In May 2000, WYCD took over hosting the Hoedown. The station's first year hosting saw artists like Trace Adkins, Montgomery Gentry and Rascal Flatts. Over the years, the Hoedown has had its share of very well known artists kicking off their careers at the concert. Some of these include Reba McEntire, Luke Bryan, Travis Tritt, Toby Keith, and Lonestar, and in 1989, came an unknown artist by the name of Garth Brooks.

The audience at the event has always increased every year. In 2010, the Hoedown saw its biggest audience yet with over 1.3 million people showing up over the three-day period. 2010 would also be the last year the Downtown Hoedown was a free festival. In years after, WYCD would charge $25 to $30 for admittance.
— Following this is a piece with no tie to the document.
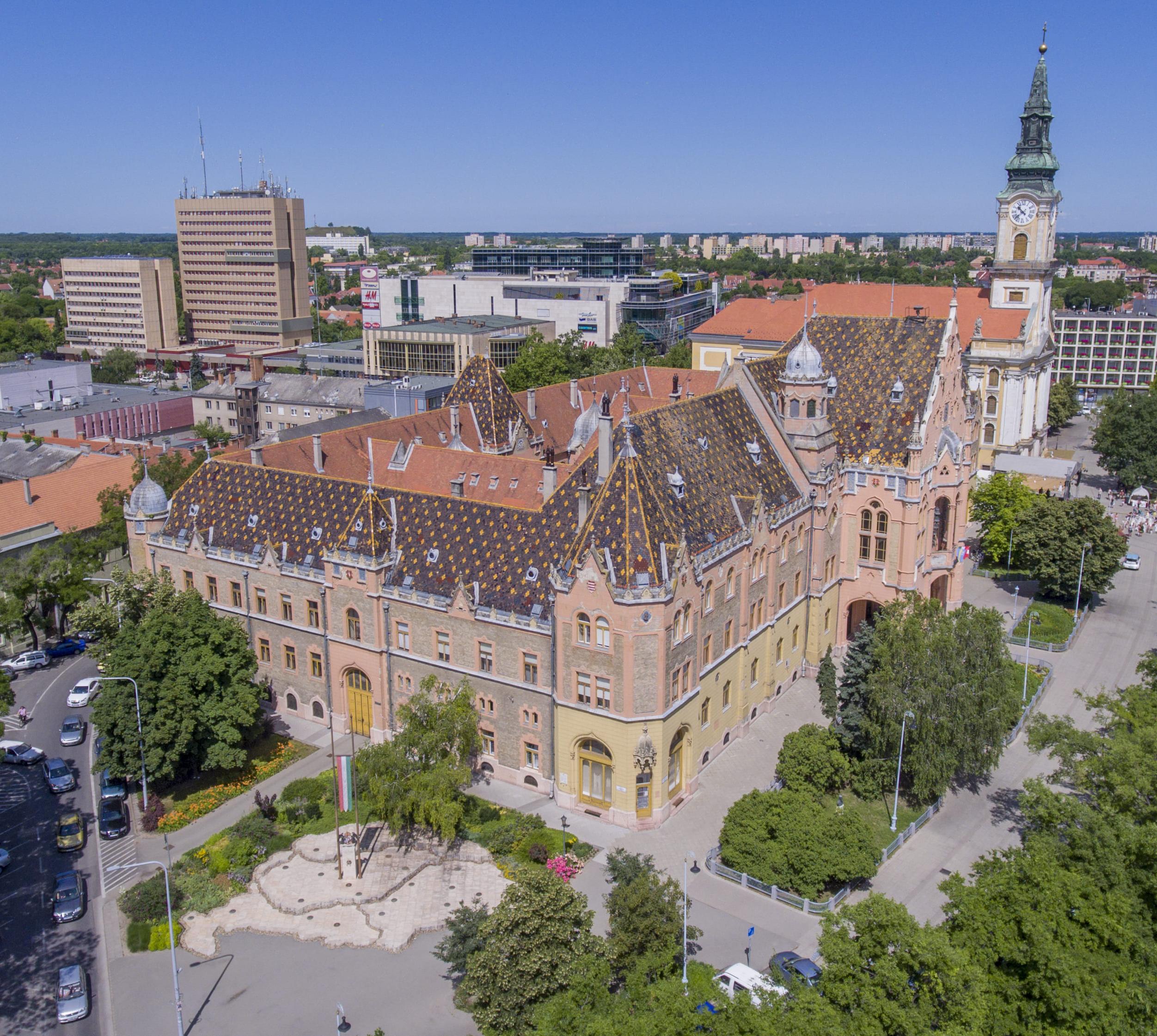 Eine Perle des ungarischen Jugendstils ist das Rathaus (174 Räume) mit seinen glasierten Dachziegeln, der majolikaverzierten Fassade, dem aufstrebenden Giebel (mit Ziegenbock-Stadtwappen) und den Türmchen. Das Meisterwerk wurde 1893-97 von den Architekten Ödön Lechner und Gyula Pártos gebaut. Dreimal am Tag ertönt vom Rathausturm ein schönes Melodienmedley.
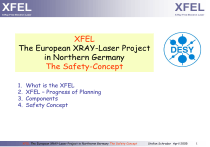 XFEL The European XRAY-Laser Project in Northernn Germany The Safety-Concept Stefan Schrader April 2005 2

In 2010, at the 28th annual Downtown Hoedown, WYCD welcomed nationally known recording artists Uncle Kracker, Zac Brown Band, Dierks Bentley, Darryl Worley and Justin Moore, among many others.

In 2012, due to a big audience, the Hoedown was relocated to in front of Comerica Park. In 2015, it was announced that it would be moving to West Riverfront Park and would be cut down to only two days.

In 2015, it was announced that it would move yet again, this time to DTE Energy Music Theater. The event will also be shortened to a 1-day concert on Sunday July 31, 2016. After moving to DTE Energy Music Theater, the "Downtown Hoedown" name was dropped and changed to "WYCD Hoedown" or "99.5 WYCD Hoedown".